In the data below, locate the line containing "5 out 6 winner" and the line containing "授業では、バタフライのキック", then retype both and everything between them exactly. Pictures are not part of the copy.

* [Data to use]

<<<<

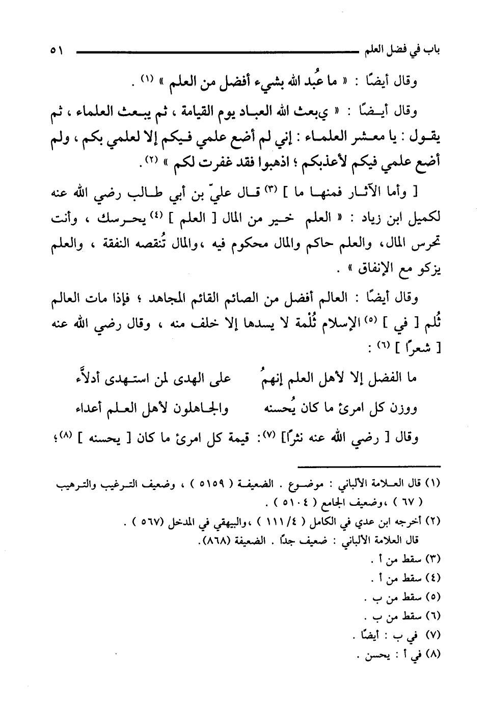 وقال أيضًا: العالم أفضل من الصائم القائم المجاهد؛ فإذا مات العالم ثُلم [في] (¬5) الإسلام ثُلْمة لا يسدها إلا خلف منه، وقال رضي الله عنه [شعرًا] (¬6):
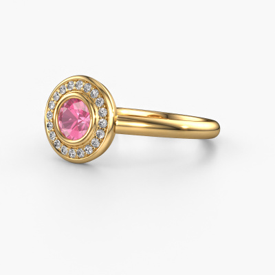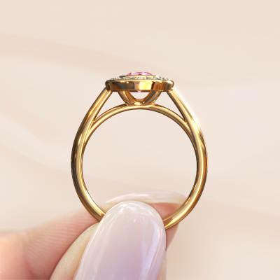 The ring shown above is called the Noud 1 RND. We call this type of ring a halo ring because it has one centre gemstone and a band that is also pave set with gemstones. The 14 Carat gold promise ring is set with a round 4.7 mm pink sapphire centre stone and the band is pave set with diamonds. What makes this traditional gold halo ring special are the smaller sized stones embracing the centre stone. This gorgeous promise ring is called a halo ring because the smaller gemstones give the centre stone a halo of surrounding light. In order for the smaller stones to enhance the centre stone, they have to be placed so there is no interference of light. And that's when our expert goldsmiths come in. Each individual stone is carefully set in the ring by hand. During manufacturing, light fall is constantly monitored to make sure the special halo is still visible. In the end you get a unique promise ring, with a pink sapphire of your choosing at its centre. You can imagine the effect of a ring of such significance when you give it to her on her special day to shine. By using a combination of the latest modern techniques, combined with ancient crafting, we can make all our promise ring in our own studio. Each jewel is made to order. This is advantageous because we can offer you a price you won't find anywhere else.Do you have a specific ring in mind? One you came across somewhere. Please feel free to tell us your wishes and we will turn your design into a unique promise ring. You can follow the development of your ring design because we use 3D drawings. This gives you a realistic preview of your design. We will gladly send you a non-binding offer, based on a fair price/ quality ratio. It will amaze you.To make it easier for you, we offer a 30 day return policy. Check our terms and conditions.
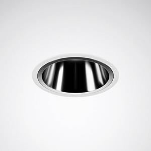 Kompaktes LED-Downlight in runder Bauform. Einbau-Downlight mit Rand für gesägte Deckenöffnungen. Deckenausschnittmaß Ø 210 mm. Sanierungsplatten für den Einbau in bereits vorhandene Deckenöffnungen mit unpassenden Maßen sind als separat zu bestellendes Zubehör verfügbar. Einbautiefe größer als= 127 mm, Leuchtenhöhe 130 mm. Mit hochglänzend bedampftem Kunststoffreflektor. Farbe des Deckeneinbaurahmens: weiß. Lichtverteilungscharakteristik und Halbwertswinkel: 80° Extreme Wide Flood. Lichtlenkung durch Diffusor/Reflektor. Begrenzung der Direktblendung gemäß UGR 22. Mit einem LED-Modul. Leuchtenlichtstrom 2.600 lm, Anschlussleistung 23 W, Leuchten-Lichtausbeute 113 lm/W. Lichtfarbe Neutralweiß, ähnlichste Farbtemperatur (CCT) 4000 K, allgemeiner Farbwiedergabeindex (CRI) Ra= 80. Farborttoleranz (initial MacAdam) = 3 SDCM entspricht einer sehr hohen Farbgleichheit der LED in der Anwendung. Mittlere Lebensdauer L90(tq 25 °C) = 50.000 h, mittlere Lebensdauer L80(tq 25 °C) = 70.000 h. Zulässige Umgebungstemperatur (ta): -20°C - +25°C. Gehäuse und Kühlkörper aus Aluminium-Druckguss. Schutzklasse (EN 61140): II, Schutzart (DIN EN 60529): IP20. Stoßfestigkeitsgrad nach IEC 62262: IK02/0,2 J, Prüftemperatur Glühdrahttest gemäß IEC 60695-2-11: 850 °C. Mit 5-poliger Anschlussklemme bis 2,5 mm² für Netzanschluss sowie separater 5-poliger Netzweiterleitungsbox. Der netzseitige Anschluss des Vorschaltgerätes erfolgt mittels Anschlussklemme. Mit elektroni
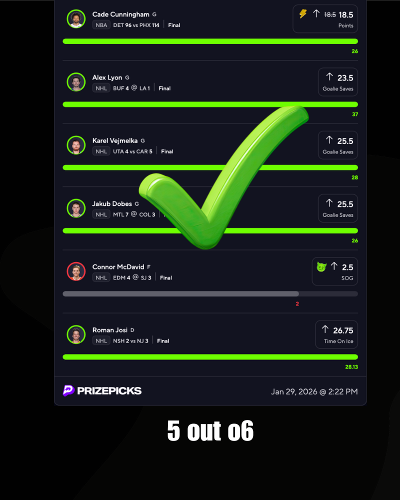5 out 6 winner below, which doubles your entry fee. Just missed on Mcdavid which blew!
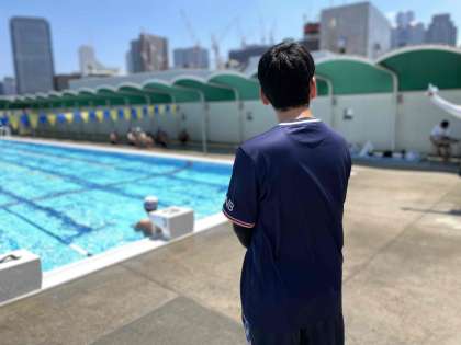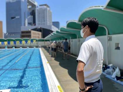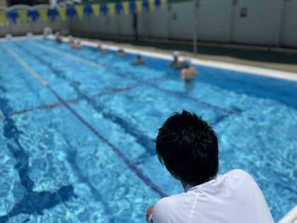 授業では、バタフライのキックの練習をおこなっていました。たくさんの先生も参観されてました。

>>>>
<<<<

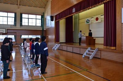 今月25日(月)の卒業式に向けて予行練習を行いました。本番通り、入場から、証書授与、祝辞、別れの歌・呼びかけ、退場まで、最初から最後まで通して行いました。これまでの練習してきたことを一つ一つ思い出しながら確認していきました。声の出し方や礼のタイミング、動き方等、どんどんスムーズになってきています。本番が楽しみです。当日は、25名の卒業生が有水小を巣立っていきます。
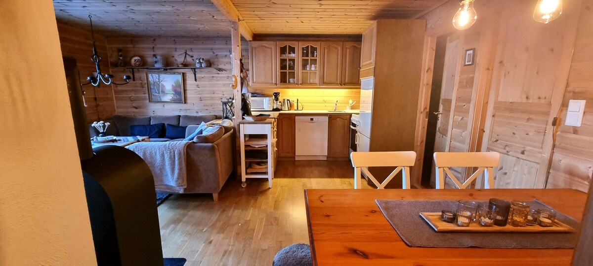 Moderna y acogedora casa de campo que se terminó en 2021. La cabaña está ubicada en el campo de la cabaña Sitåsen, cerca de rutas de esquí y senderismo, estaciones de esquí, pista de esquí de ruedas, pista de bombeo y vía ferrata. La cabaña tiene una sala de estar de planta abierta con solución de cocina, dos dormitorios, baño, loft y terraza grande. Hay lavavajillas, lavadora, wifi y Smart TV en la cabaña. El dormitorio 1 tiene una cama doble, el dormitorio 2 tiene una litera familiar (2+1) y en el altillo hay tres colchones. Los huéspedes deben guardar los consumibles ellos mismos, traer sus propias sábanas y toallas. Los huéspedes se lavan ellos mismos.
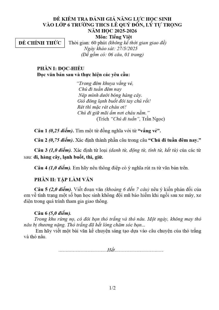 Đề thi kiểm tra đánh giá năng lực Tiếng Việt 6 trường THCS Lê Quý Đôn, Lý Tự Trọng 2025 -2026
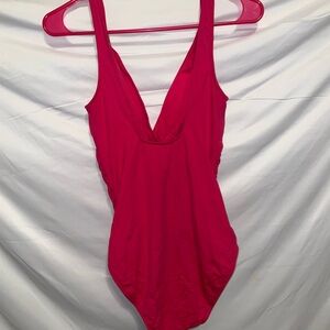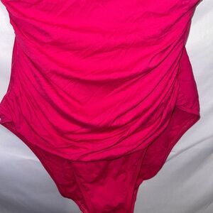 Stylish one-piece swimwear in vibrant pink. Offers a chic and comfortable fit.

>>>>
<<<<

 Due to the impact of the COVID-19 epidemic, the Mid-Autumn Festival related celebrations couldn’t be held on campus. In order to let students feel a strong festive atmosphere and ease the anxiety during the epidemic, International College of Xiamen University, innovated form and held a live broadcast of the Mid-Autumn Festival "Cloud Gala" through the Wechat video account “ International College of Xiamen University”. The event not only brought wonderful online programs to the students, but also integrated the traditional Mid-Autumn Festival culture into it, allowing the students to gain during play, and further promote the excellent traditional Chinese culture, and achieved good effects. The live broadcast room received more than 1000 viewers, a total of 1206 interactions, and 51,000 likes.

>>>>

* [Exercise answer]
5 out 6 winner below, which doubles your entry fee. Just missed on Mcdavid which blew!
 授業では、バタフライのキックの練習をおこなっていました。たくさんの先生も参観されてました。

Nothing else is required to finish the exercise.